Unfortunatelly if n is not much larger than k there is possibility that the same point will be returned more than once (it depends on implementation of RNG), but for my purposes (k~60, n~10M) this is not an issue.

Calculating new centroids

1
2
3
4
5
6
7
8
9
10
11
let closest (distance: Distance<'elem, 'cost>)
            (centroids: 'elem list) element =
    centroids |> List.minBy (fun c -> distance c element)

let findNewCentroids (distance: Distance<'elem, 'cost>)
                     (centroid: Centroid<'elem>)
                     data centroids =
    let closestCentroid = centroids |> Seq.toList |> closest distance
    data
    |> Seq.groupBy (fun e -> closestCentroid e)
    |> Seq.map (fun (c, e) -> centroid e)

First function calculates for particular element in dataset distances to all centroids and selects one that have minimal distance. Second function finds closest centroids for each element in dataset and performs grouping by assigned centroid. Then for each group is calculated new centroid. This findNewCentroids function is the heart of the algorithm.

Stop criterion

1
2
3
4
let checkStop current next =
    let c = current |> Seq.sort
    let n = next |> Seq.sort
    Seq.exists2 (fun a b -> (distance a b) <> (distance a a)) c n |> not

The algorithm has converged if vector of centroids has not changed after iteration. To check this fact I’m using one of features of distance function: \(D(x,y) = 0 \iff x = y\), and I’m checking if there is a pair of elements in current and new vector that have distance not equal 0 (I’m assuming here that vectors are somehow sorted):

\[(\exists j)(D(C_{i+1, j}, C_{i,j}) \neq 0\]

I decided to hardcode this function, and not let specify it from outside because it is a criterion that is described by original algorithm definition. If you’ll use this code and need to use different stop criterion just pass it as parameter of execute' function.

Iterations

1
2
3
4
5
6
7
8
9
10
11
12
13
14
15
16
17
18
19
let execute' (randSubset: Initializator<'elem>)
             (distance: Distance<'elem, 'cost>)
             (centroid: Centroid<'elem>)
             (k: int)
             (data: 'elem seq) = 
    // let checkStop = ...

    let update = findNewCentroids distance centroid
    let rec epoch data current =
        let next = update data current

        let stop = checkStop current next

        match stop with
        | true -> current
        | false -> epoch data next

    let initial = randSubset k data
    epoch data initial

And in the last part of algorithm I’m recursively iterate checking if stop criterion is met.
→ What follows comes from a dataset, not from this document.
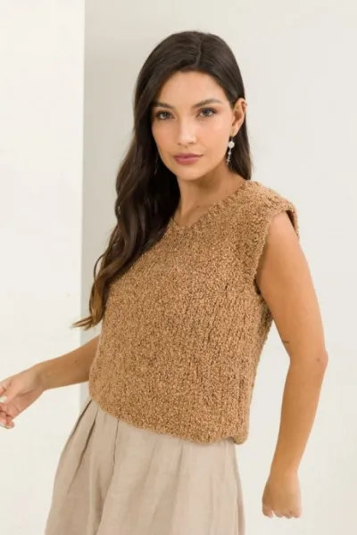 ОПИСАНИЕ. Спинка. На спицы № 7 наберите 50 петель и вяжите 2 ряда резинкой 1/1, затем лицевой гладью. Прибавьте с каждой стороны в каждом 2-м ряду по 1 петле 5 раз. Через 35 см от начала работы для пройм убавьте с каждой стороны по 2 петле 2 раза и по 1 петле 1 раз. Через 52 см закройте оставшиеся петли. Перед. На спицы № 7 наберите 60 петель и вяжите 2 ряда резинкой 1/1, затем лицевой гладью. Через 35 см от начала работы для пройм убавьте с каждой стороны по 2 петле 2 раза и по 1 петле 1 раз. Через 44 см от начала работы для горловины закройте центральные 14 петель и каждую сторону вяжите раздельно. Для выреза горловины в каждом 2-м ряду с каждой стороны закройте 4 п., 3 п., 2 п. и 1 п.

When is met I can return current vector of centroids.

How to use it?

The usage is very simple, just look at the test method I wrote to check if my algorithm is working as expected:

1
2
3
4
5
6
7
8
9
10
11
12
13
14
15
16
17
18
19
20
let avg = Seq.average
let distance a b = abs(a - b)

[<Test>]
let ``Should find centroids of given groups`` () =
    let centroids = seq [1.0;5.0;9.0]
    let precision = 0.1
    let data = seq {
        for c in centroids do
        let n = [-1.0 .. precision .. 1.0] |> List.map (fun f -> f + c)
        yield! n
    }
    let randomizer = kMeans.randomSubset' (System.Random(50))
    
    let newCentroids = kMeans.execute' randomizer distance avg 3 data
    let result = newCentroids |> Seq.sort |> Seq.toList

    Assert.AreEqual(1.0, result.[0], 0.1)
    Assert.AreEqual(5.0, result.[1], 0.1)
    Assert.AreEqual(9.0, result.[2], 0.1)

This test generates some data around given points then pass them to algorithm and checks if returned vector is equal to original one. The number 3 in the invocation is the k parameter.
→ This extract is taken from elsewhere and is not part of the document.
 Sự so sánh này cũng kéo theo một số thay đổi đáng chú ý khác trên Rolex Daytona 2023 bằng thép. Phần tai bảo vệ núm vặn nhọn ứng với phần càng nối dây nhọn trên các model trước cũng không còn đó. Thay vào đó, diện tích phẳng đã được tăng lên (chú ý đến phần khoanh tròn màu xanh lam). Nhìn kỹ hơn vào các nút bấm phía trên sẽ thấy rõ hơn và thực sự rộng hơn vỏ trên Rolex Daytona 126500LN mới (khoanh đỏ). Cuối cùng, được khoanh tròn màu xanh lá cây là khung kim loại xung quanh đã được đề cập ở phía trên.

There is also execute function that has provided default initialization function, so there is only need to apply Distance and Centroid. In test I’ve used again version with ' to be able to specify RNG explicitely.

In the test I’m using simplest distance for real numbers: \(abs(a-b)\) and for calculating centroid I’m using average of values, and basically that’a all you need to do for real numbers. I believe that functions for other types won’t be much more complicated.

This is the end of story - simple algorithm for complex data processing. I suppose my F# may be better, so I’m waiting for comments.